A second administrative hurdle is related to the electronic medical record, which should be able to integrate PROs with little or no dif-ficulty, and could then be used for comparative effectiveness research. For instance, does cabazitaxel when given to patients with co-morbidities such as congestive heart failure have the same favorable effects as in clinical trial subjects [43]? The main questions would be what to measure and record for universal access, within the bounds of what is possible and not too expensive. A recent review [44] explored the “architecture” of such decision-making and proposed some rationality before we attempt to add patient portals with multiple instruments, none of which are standardized, to the mix. This will require adoption of one or several instruments capable of cross-talking and interpretation, with heightened privacy requirements and more expense, when the EMR vendors are trying to carve out market share. Such improvements are possible but will likely require major governmental intervention similar to “meaningful use” requirements.



Measuring Pain in CRPC


Pain is measured by nearly all PROMs, is associated with decreased survival in CRPC patients [45], can be debilitating and impair QOL [46], and, as was illustrated in the approval of mitoxantrone by the FDA mentioned earlier, can be an important endpoint defining treatment benefit in clinical trials.

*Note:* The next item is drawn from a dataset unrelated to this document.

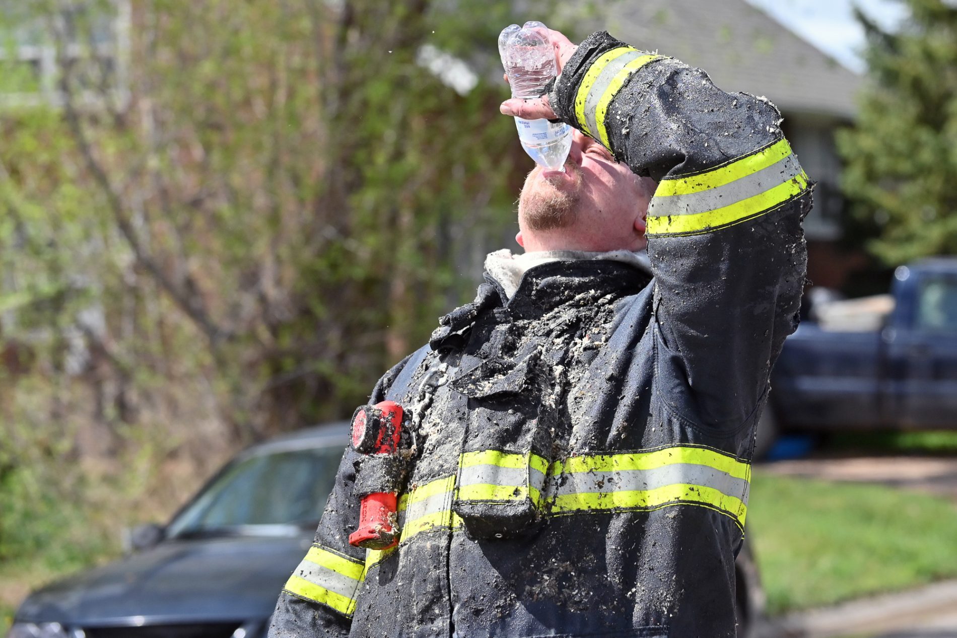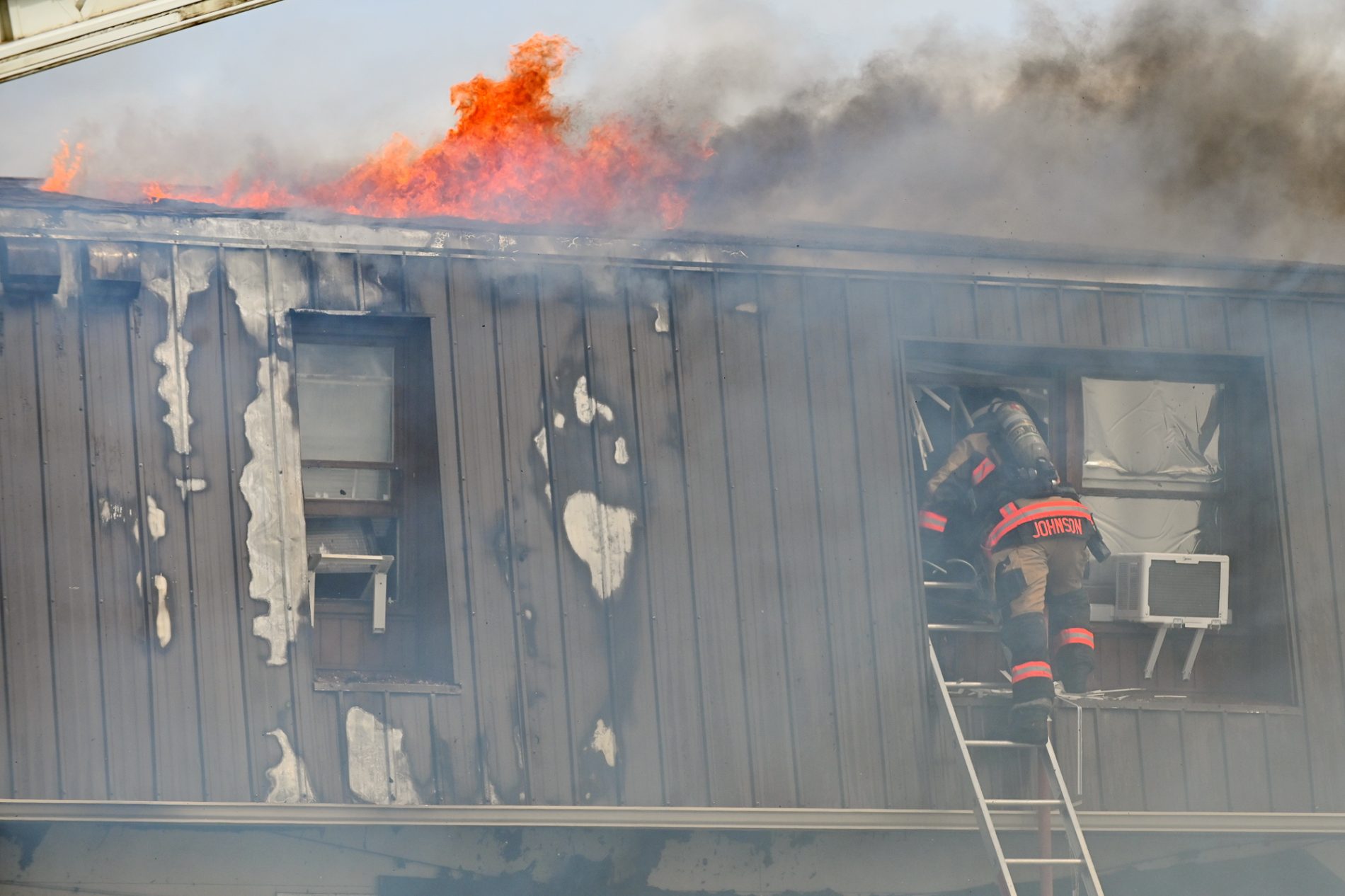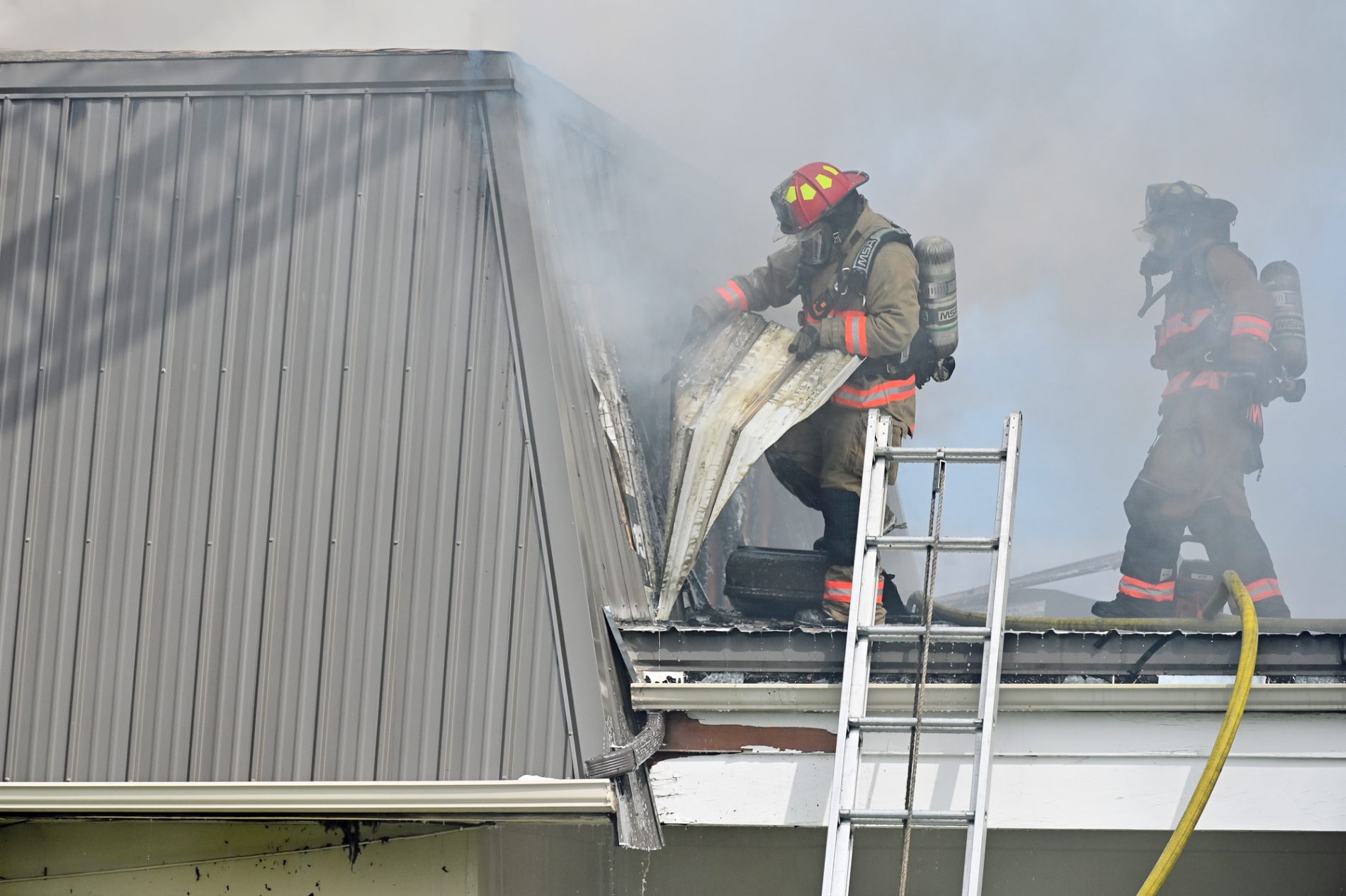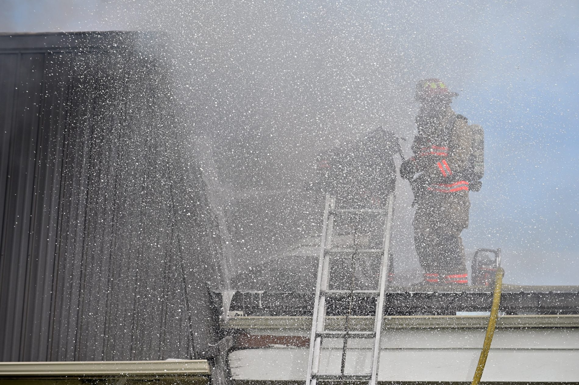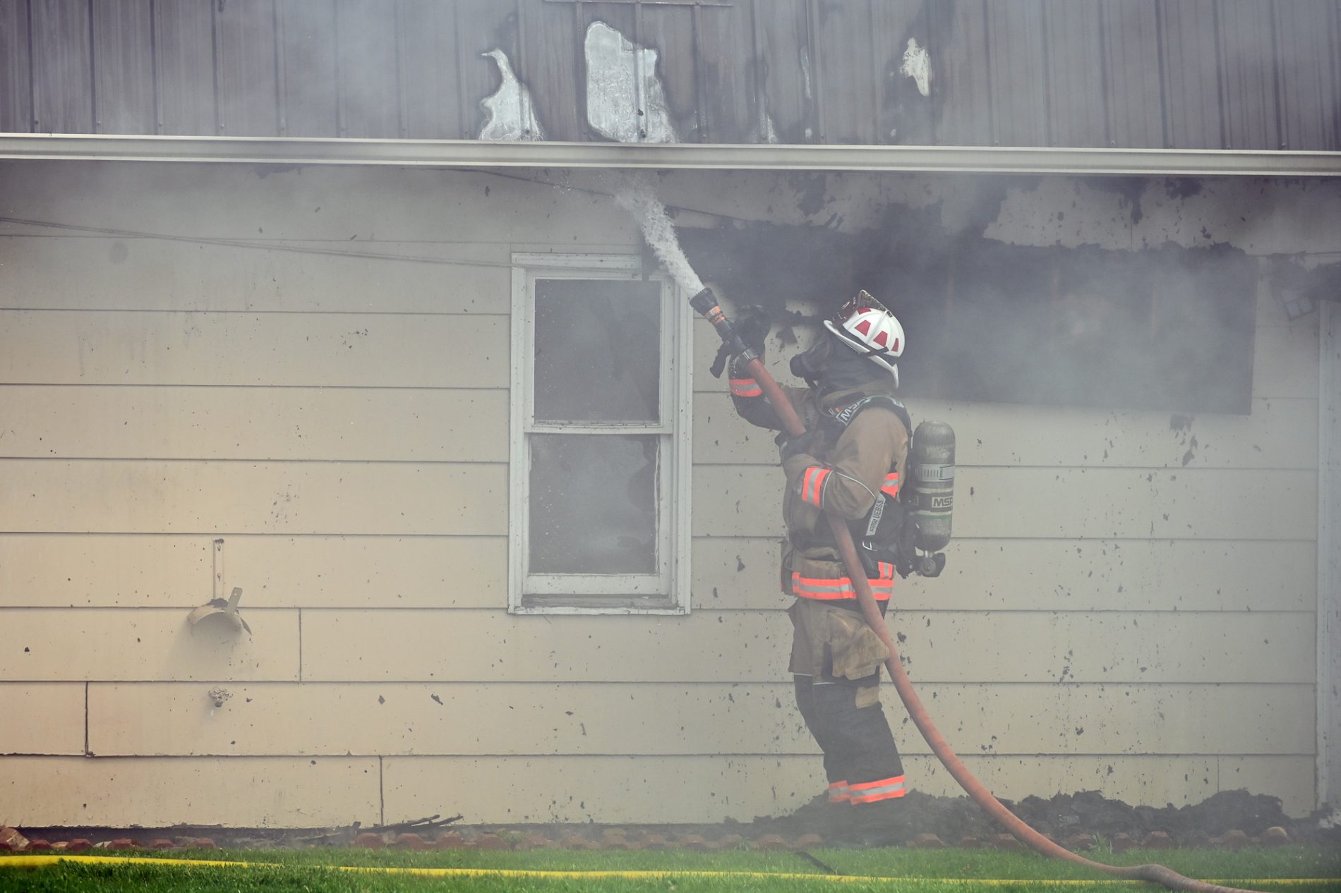 Sheridan-Fire Rescue and Goose Valley firefighters teamed up to knock down a structure fire the Hillside Manor apartment complex at the intersection of 11th Street and North Main Street Thursday, April 23, 2026. The SF-R Tower truck was also dispatched. The winds hindered fighting the fire. One person was attended at the scene.
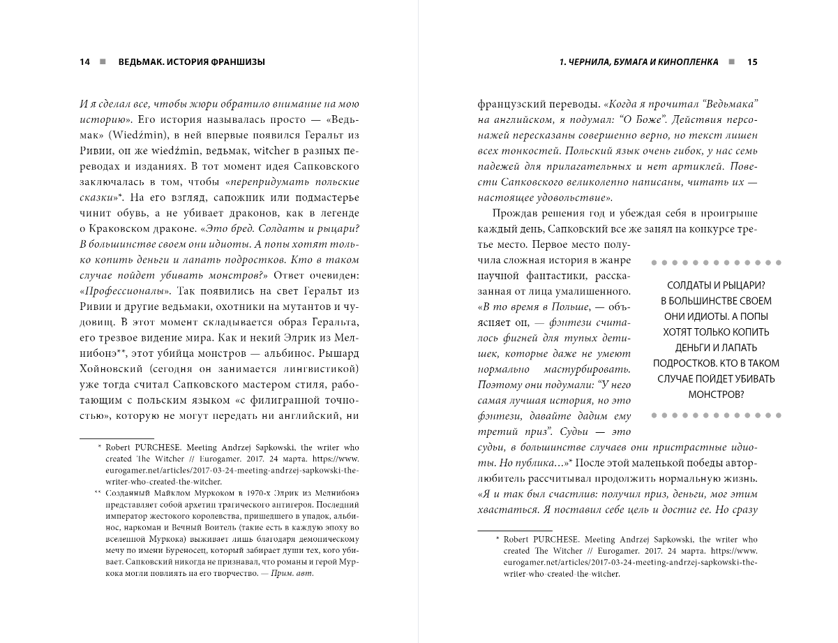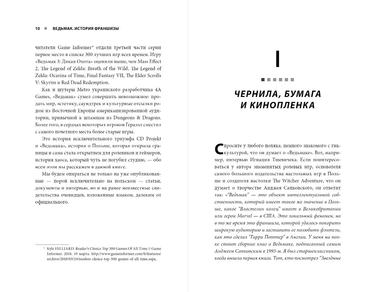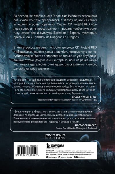 Today, this look is known to any player: white hair, two blades ("silver for monsters, steel for people"), cat pupils. For some twenty years, Geralt of Rivia, the hero of the saga "The Witcher", from a character of Polish fantasy turned into a star of one of the most successful and ambitious game franchises. Since the release of the first installment, "The Witcher" has become a true international phenomenon. With its help, CD Projekt RED studio managed to accomplish the impossible - to sell the unusual aesthetics, soundtrack and culture of Eastern Europe to an audience accustomed to the stamps from Dungeons & Dragons. The book tells the story of the unique triumph of CD Projekt and "The Witcher", full of chaos and mistakes that almost ruined the studio. The author relies not only on already published (sometimes exclusively in Polish) articles, documents and interviews, but also on previously unknown eyewitness accounts, told in a language far from formal.

Measuring pain as a PRO is challenging. The FDA has raised its standards for measuring pain, describing how it determines whether PRO measures are adequate for use in clinical trials to support labeling claims [47]. Despite this published guidance, in the 17 years since approving mitoxantrone for the treatment of pain, the FDA has not allowed the inclusion of a pain endpoint in a prostate cancer drug label—despite multiple pain endpoints in FDA drug applications during this time [48]. Pivotal trials for both docetaxel and abiraterone acetate measured pain [7], but FDA concern about pain measurement techniques in those trials caused there to be no mention of pain reduction in the drug labels [49].

Without a viable consensus on a method for measuring pain, investigators develop pain questionnaires on a case-by-case basis with little regard for inter-trial comparability. However, a five-site clinical trial opened late in 2013, with approval from the FDA, to study a simple pain measurement PRO: “pain at its worst in the last 24 hours” [50]. This new measure is promising both because the trial design team includes the developer of the most commonly used pain questionnaire in oncology, Brief Pain Inventory (BPI), and because the trial has the active encouragement of the FDA. Results are anticipated in 2016.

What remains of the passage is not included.